### The data

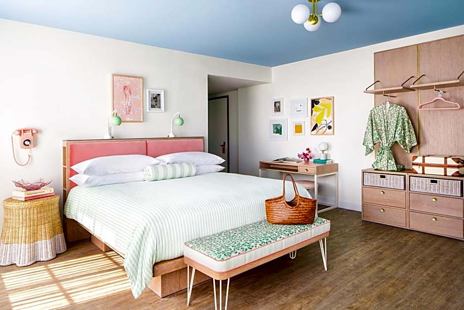 This room is decorated in vibrant colors and leopard print accents. It has a queen-sized bed, a 55-inch flat-screen TV and a bathroom with bath robes. Additional amenities include storage space, blackout blinds and an in-room safe.
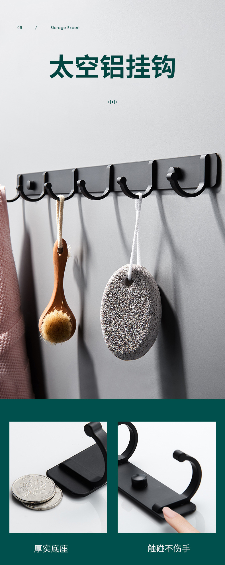 stainless steel washbasins hook-black 0.7*6.5 * 3.5cm
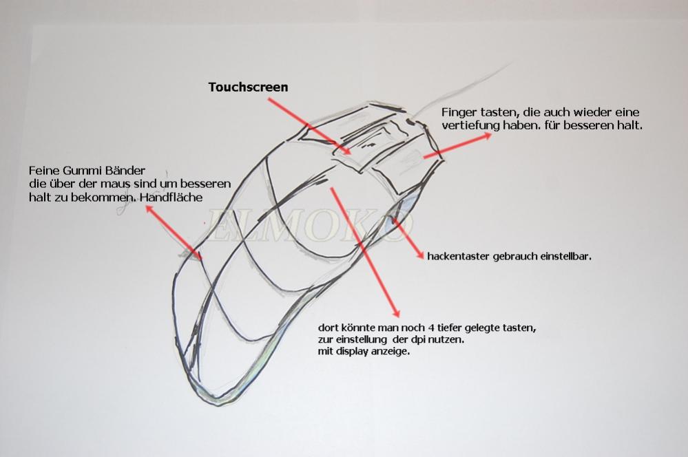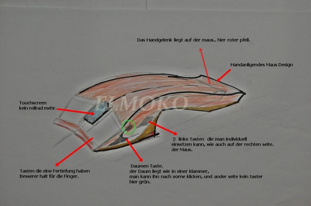 Handgelenk auf der Maus sehe ich etwas kritisch weil es sehr restriktiv ist, Toucpad anstatt Wheel würde mir zu wenig Feedback geben, deine Daumentasten sind etwas gar weit vorne.
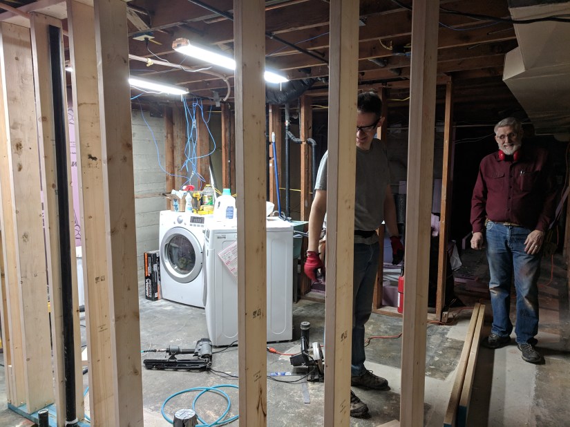 We were in danger of having the plumber show up only to find there were no walls for him to put plumbing in. Luckily, Justin’s dad came out for most of a week and put up about a million walls. Whew!
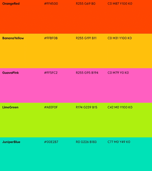 However, they have also added a bunch of other bold and peppy hues to their brand color palette now. These are colors that perfectly contrast and complement the primary Orangered while also adding a fun twist to the brand’s designs.
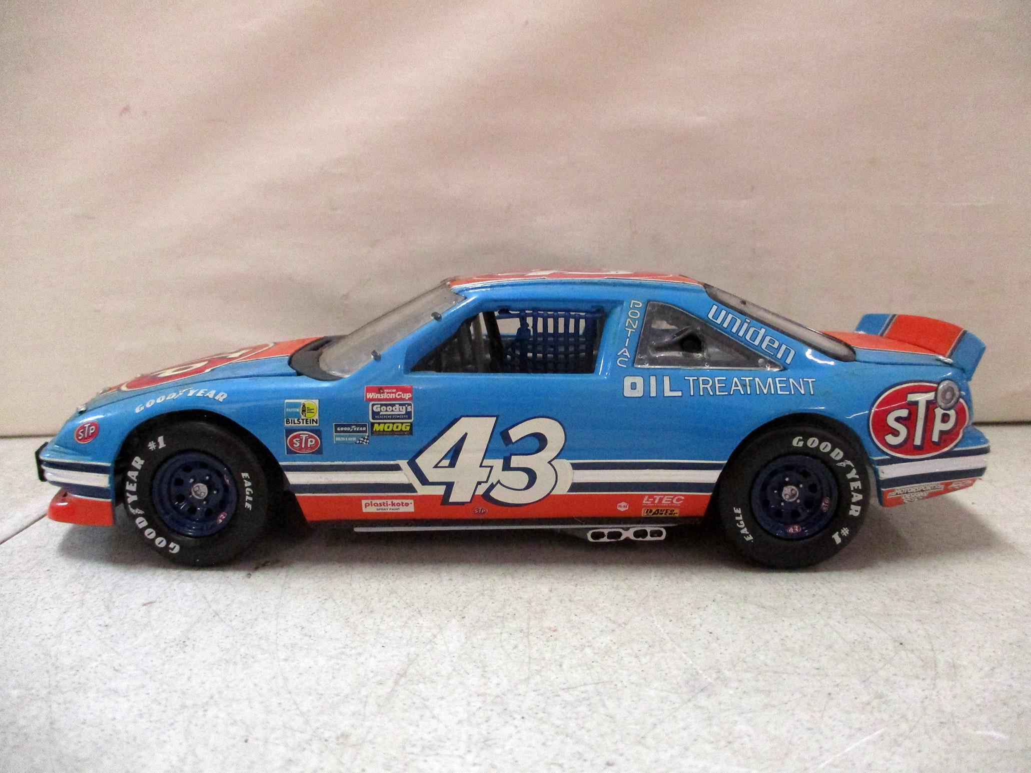 1:24 scale die-cast replica of the 1981 Richard Petty Buick Regal NASCAR race car. Comes in its original packaging, featuring a window box design for display. The car features the iconic #43 and authentic sponsor details from the era. Suitable for collectors and NASCAR enthusiasts. Condition appears to be new in box with minimal shelf wear. (Click image to see high resolution version).
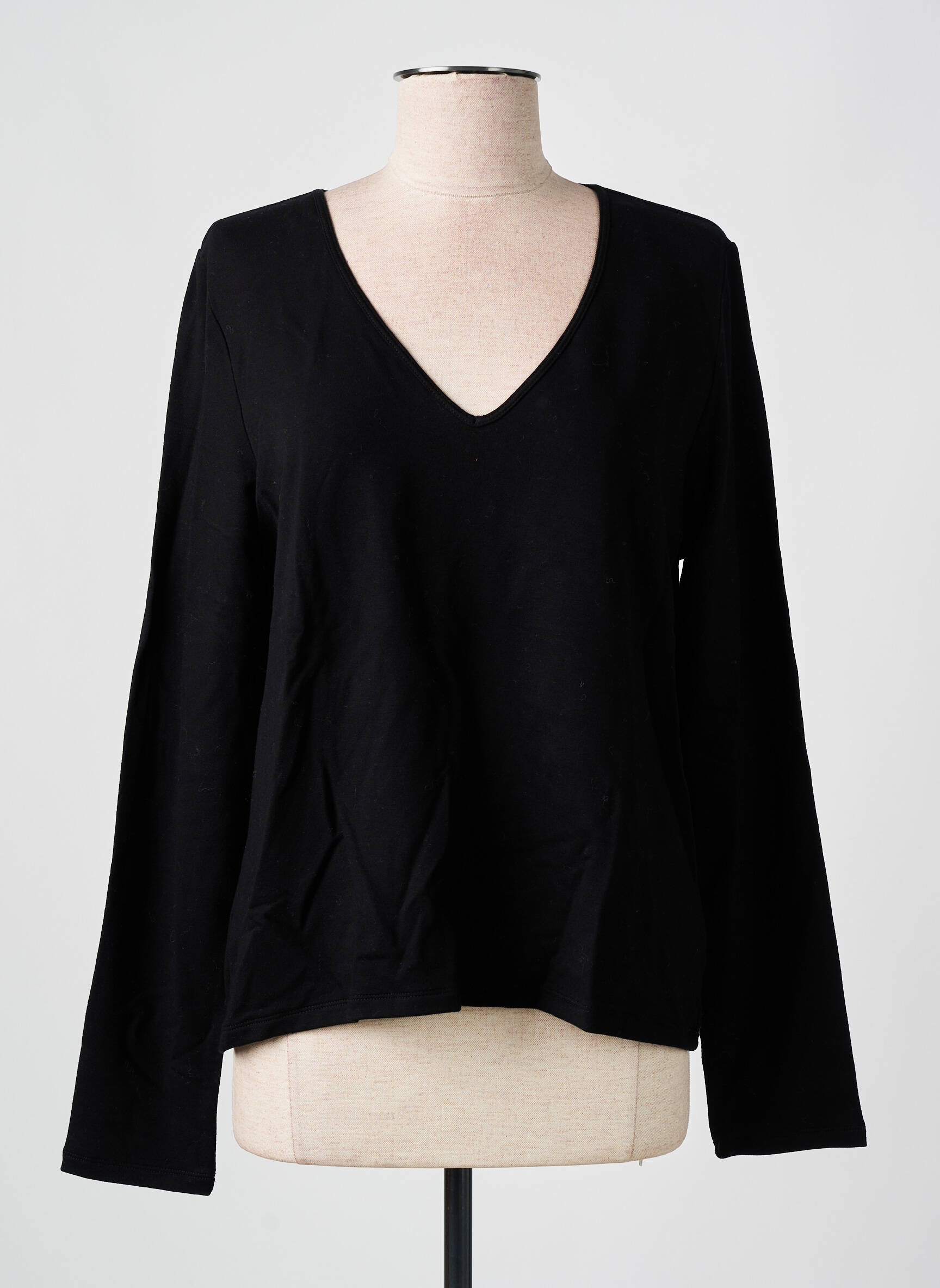 Voici l’occasion idéale de s’offrir un basique chic signé MAJESTIC FILATURES à prix tout doux. Ce T-shirt noir pour femme séduit par sa coupe ample et décontractée, son col en V féminin et sa texture douce agréable au porté, un choix parfait pour composer facilement toutes vos tenues du quotidien sans vous ruiner.

######

▶ **Your task**
All lines from the start of the entries above through the line containing "stainless steel washbasins" must be transcribed exactly, both ends included, and no picture may be copied.

▶ **Answer space**
 This room is decorated in vibrant colors and leopard print accents. It has a queen-sized bed, a 55-inch flat-screen TV and a bathroom with bath robes. Additional amenities include storage space, blackout blinds and an in-room safe.
 stainless steel washbasins hook-black 0.7*6.5 * 3.5cm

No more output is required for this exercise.